***** INFORMATION PROVIDED *****

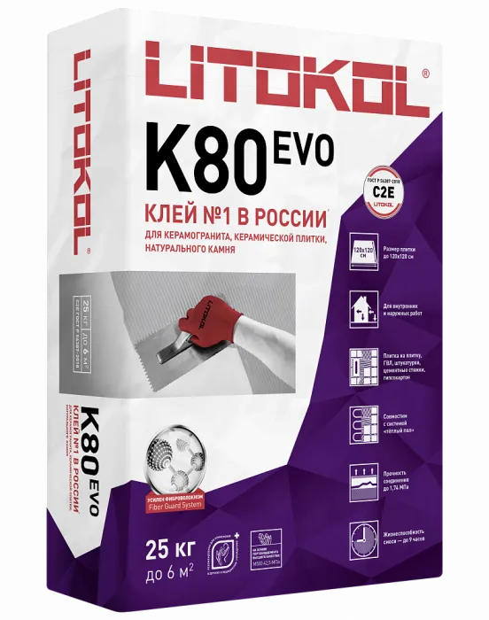 Клей фиброармированный для керамической плитки, керамогранита и камня. Класс С2 E по ГОСТ Р 56387.
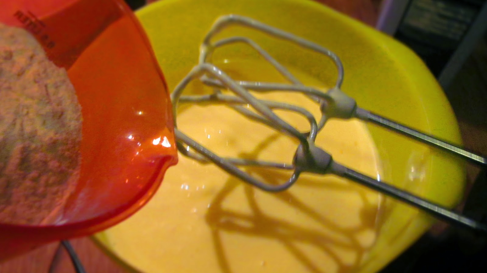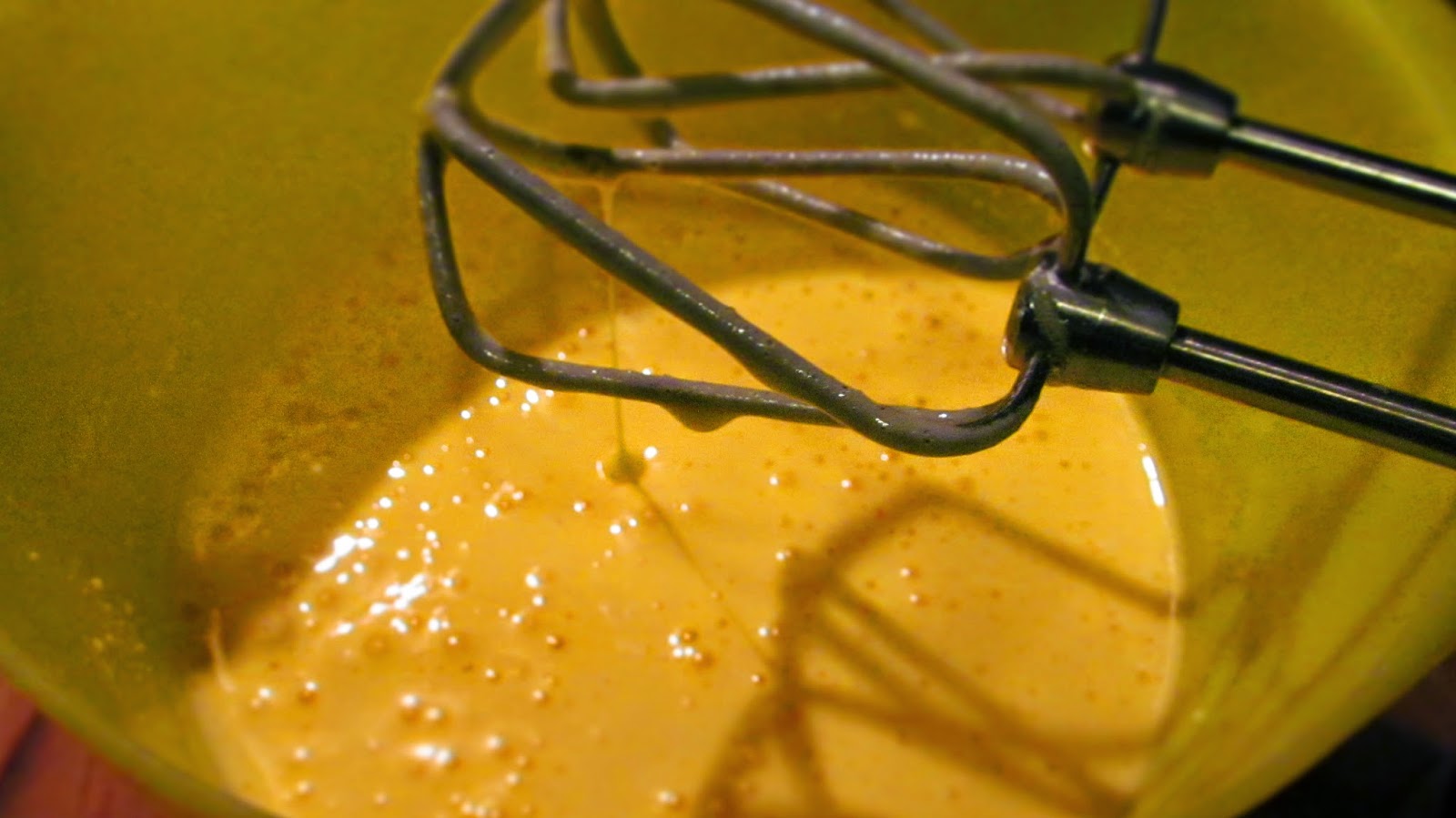 - Добавям брашното, но малко по малко и с непрекъснато разбиване с миксера, но на минимална степен на мощност. Разбиването е само докато се поеме цялото количество брашно.
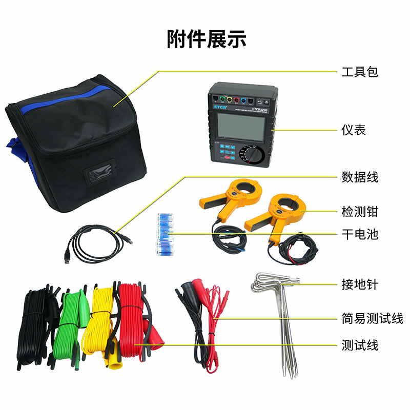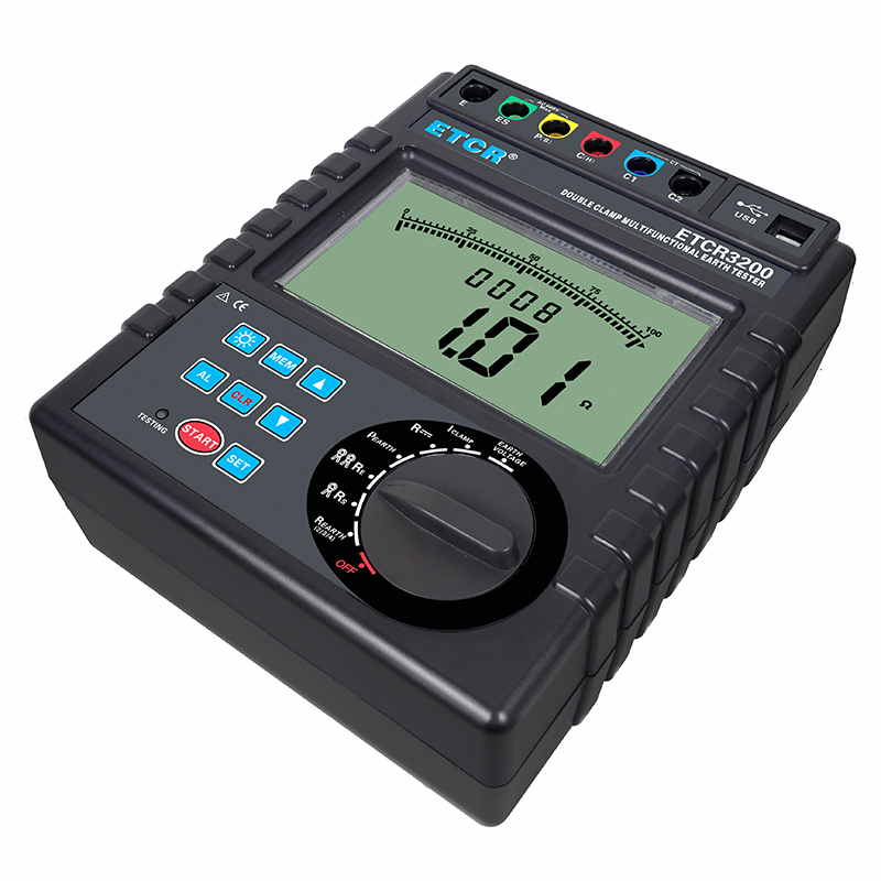 ETCR3200雙鉗接地電阻測試儀,由主機、電流鉗(雙鉗)、數(shù)據軟件、測試線、輔助接地棒、通訊線等組成。主機超大LCD顯示,具有背光、棒圖指示,一目了然。同時能存儲2000組數(shù)據,通過USB接口數(shù)據軟件可以實現(xiàn)歷史數(shù)據讀取、查閱、保存、報表、打印等功能。
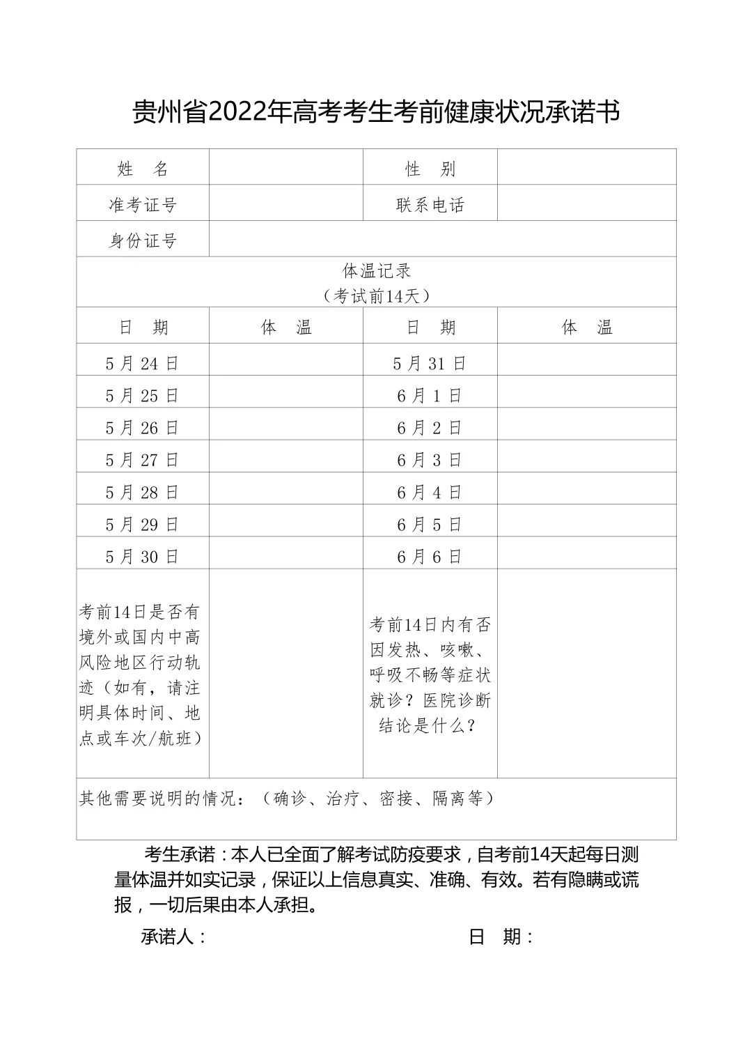 按照《贵州省2022年普通高等学校招生全国统一考试疫情防控须知》要求,考生从考前第14天开始(5月24日起),每日自行测量体温并如实填写《贵州省2022年高考考生考前健康状况承诺书》。体温测量异常以及身体出现发热(体温高于37.3℃)、干咳、乏力、鼻塞、流涕、咽痛、腹泻等症状的要及时就医,并保存好诊断材料备查。
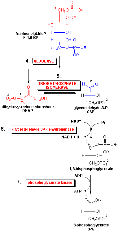 In this pathway a glucose molecule (C6) is split into 2 - 3 carbon molecules (2 - C3). One of the carbons in each 3 C molecule is oxidized. ATP is then made. These three processes are shown in reaction steps 4 (break C-C bond), 6 (oxidize C), and 7 (make ATP) of glycolysis shown below:

*****

■ **TASK DESCRIPTION**: Return every entry above exactly as written, with no pictures included.

■ **ANSWER SPACE**:
 Клей фиброармированный для керамической плитки, керамогранита и камня. Класс С2 E по ГОСТ Р 56387.
 - Добавям брашното, но малко по малко и с непрекъснато разбиване с миксера, но на минимална степен на мощност. Разбиването е само докато се поеме цялото количество брашно.
 ETCR3200雙鉗接地電阻測試儀,由主機、電流鉗(雙鉗)、數(shù)據軟件、測試線、輔助接地棒、通訊線等組成。主機超大LCD顯示,具有背光、棒圖指示,一目了然。同時能存儲2000組數(shù)據,通過USB接口數(shù)據軟件可以實現(xiàn)歷史數(shù)據讀取、查閱、保存、報表、打印等功能。
 按照《贵州省2022年普通高等学校招生全国统一考试疫情防控须知》要求,考生从考前第14天开始(5月24日起),每日自行测量体温并如实填写《贵州省2022年高考考生考前健康状况承诺书》。体温测量异常以及身体出现发热(体温高于37.3℃)、干咳、乏力、鼻塞、流涕、咽痛、腹泻等症状的要及时就医,并保存好诊断材料备查。
 In this pathway a glucose molecule (C6) is split into 2 - 3 carbon molecules (2 - C3). One of the carbons in each 3 C molecule is oxidized. ATP is then made. These three processes are shown in reaction steps 4 (break C-C bond), 6 (oxidize C), and 7 (make ATP) of glycolysis shown below:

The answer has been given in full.